Expectation Conditional Maximization Algorithms for Failure count Non-homogeneous Poisson Process Software Reliability Models  
Author Vidhyashree Nagaraju

 

Co-Author(s) Anusha Krishna Murthy; Lance Fiondella; Panlop Zeephongsekul; Thierry Wandji

 

Abstract Software reliability growth models (SRGM) based on the non-homogeneous Poisson process (NHPP) are a popular approach to estimate useful metrics such as the number of faults remaining, failure rate, and reliability. However, it is often difficult to apply SRGM in practice because even relatively simple models can require numerical solution of complex systems of equations. To overcome this limitation, we propose expectation conditional maximization (ECM) algorithms for failure count NHPP SRGM. The ECM algorithm reduces the maximum likelihood estimation process to multiple simpler conditional maximization (CM)-steps. The advantage of these CM-steps is that they only need to consider one variable at a time.

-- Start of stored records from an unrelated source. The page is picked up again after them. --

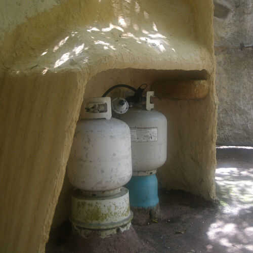 Puse un trozo de tubo, como una barra de cortina por encima de los tanques (no se puede ver en las fotos) para luego colgar una cortina de esconder los tanques. Los orificios perforados en las paredes en ambos extremos permiten pernos de acero inoxidable entrar en el tubo de cualquiera de los extremos y sostener en su lugar. Los pernos se pueden sacar para quitar el tubo. Si tienes yeso alrededor de los pernos (lo hice en un extremo), cubrir el pin con vaselina para que el mortero no se pegue a él.
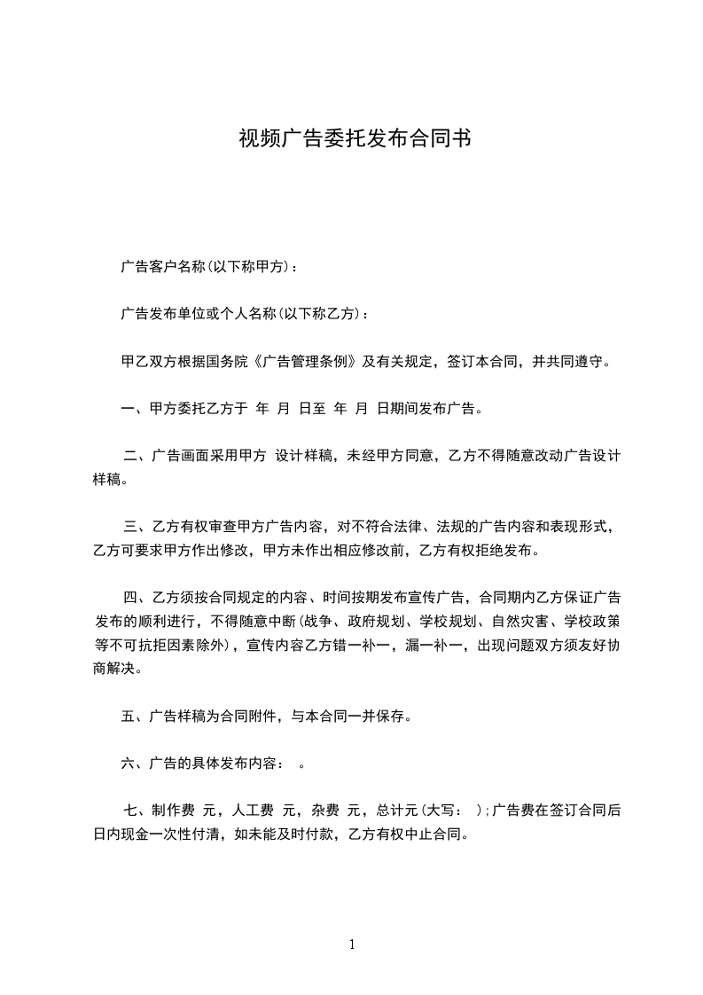 一、甲方委托乙方于 年 月 日至 年 月 日期间发布广告。
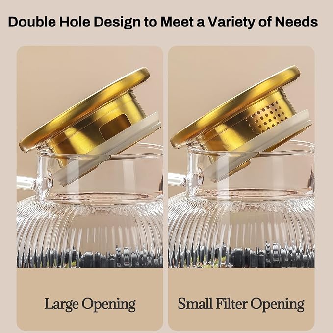 - 【100% STAINLESS STEEL LID WITH TWO OPENINGS】The lid is made of 100% stainless steel, so whether you use it for three or five years, you don't have to worry about the rust of the lid and the lid has two openings, which can be turned to pour water or the other side to filter beverages. The soft silicone seal keeps the lid firmly on the lid to prevent leakage.
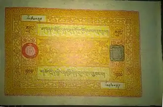In 1937 or '38 new multicolored notes with the high denomination 100 tam srang were introduced. They bear the same octagonal red seal as the early "tam" denominated notes and a black seal of a new type which bears the following inscription: Srid zhi dpal ´bar.[20][21]
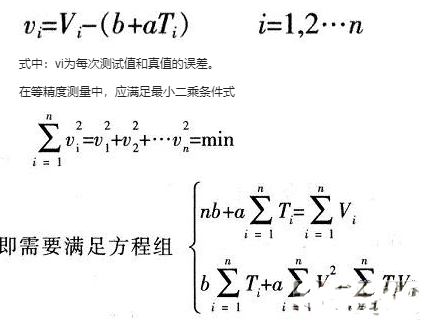 利用标准温度值T1,T2…Tn带入方程组中可以解得a和b的值,这样,就完成了利用最小二乘法对载重和电压进行线性标定的过程。
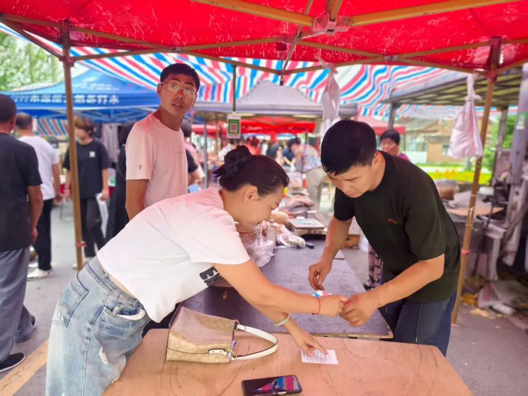 近日,二九〇社区管委会工作人员走进热闹的大集,开展摊位登记卡的办理与发放工作。
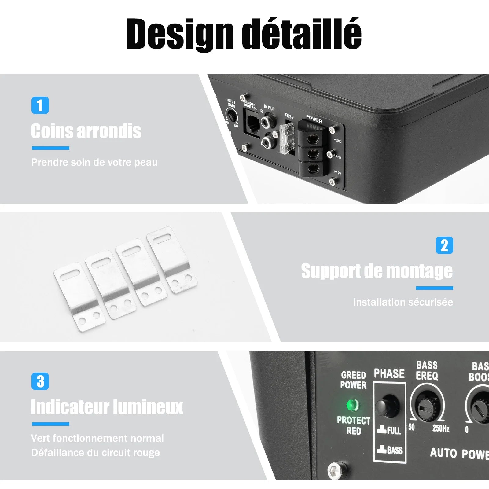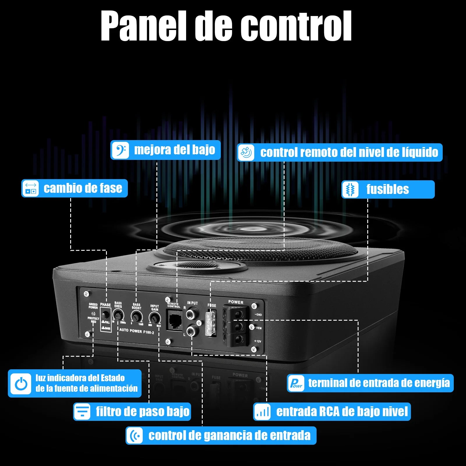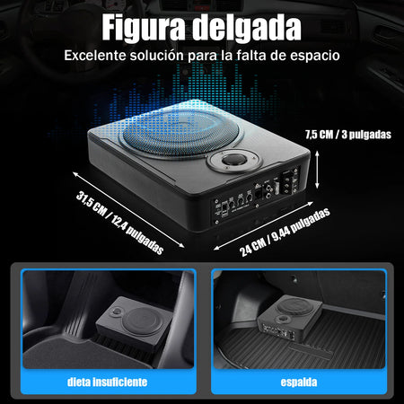 - Plaatsing onder de stoel houdt uw autocabine opgeruimd terwijl het robuuste bas levert.
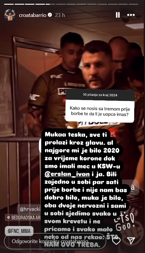 "Muka teška, sve ti prolazi kroz glavu, ali najgore je bilo 2020. godine za vrijeme korone, dok smo Ivan Erslan i ja imali meč u KSW-u. Bili smo zajedno u sobi par sati prije borbe i nije nam baš dobro bilo. Osjećali smo mučninu, bili smo nervozni i sami smo sjedili u sobi, svako na svom krevetu. Nismo pričali, samo bi svako malo netko od nas dvojice rekao: ‘ŠTA NAM OVO TREBA‘", otkrio je iskreni Barrio.
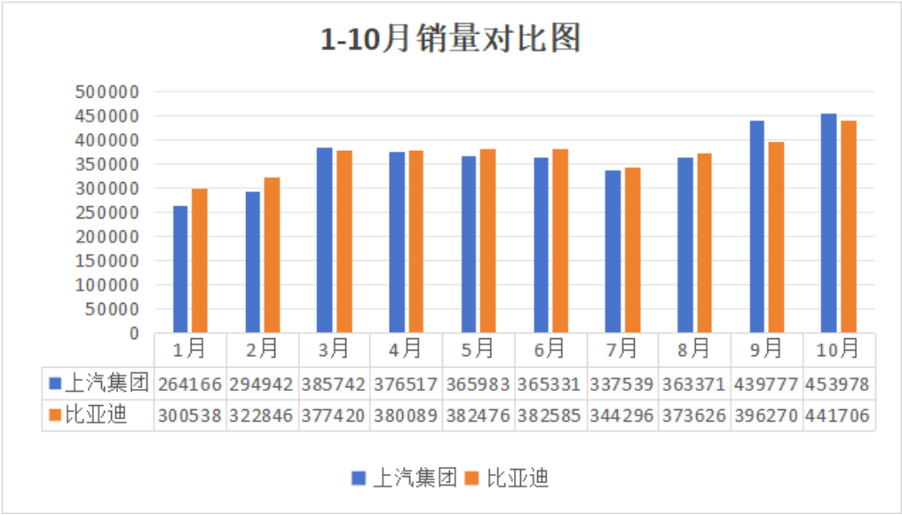 从1-10月的累计数据来看,比亚迪与上汽始终处于你追我赶的胶着状态,整体差距微乎其微。
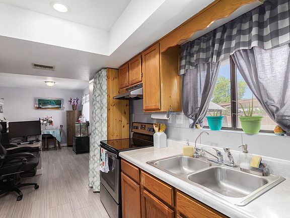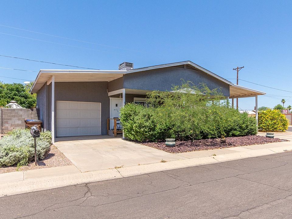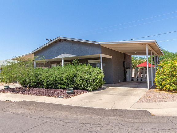 Come see this beautiful, well-kept 1 bed, 1 bath home close to shopping with easy access to the US 60 highway. (This home has the possibility of becoming a 2 bedroom home. Call for further details.). There is plenty of parking which includes a one car garage (with loft storage), covered RV port as well as an additional covered driveway space. Enter into an open concept family and dining room with neutral colored flooring and paint. The kitchen will definitely impress with its abundance of light, oak cabinets and countertop space. Off the kitchen you will find a fenced in patio with vegetable garden planters and plenty of space for relaxing and entertaining.

We illustrate the ECM algorithm by applying it to a failure count data set from the research literature. Our results demonstrate that the algorithm identifies the MLEs, monotonically improving the log-likelihood function in each iteration.

 

Keywords Software reliability, expectation conditional maximization algorithm, failure count data
   
    Article #:  22372
 
Proceedings of the 22nd ISSAT International Conference on Reliability and Quality in Design
August 4-6, 2016 - Los Angeles, California, U.S.A.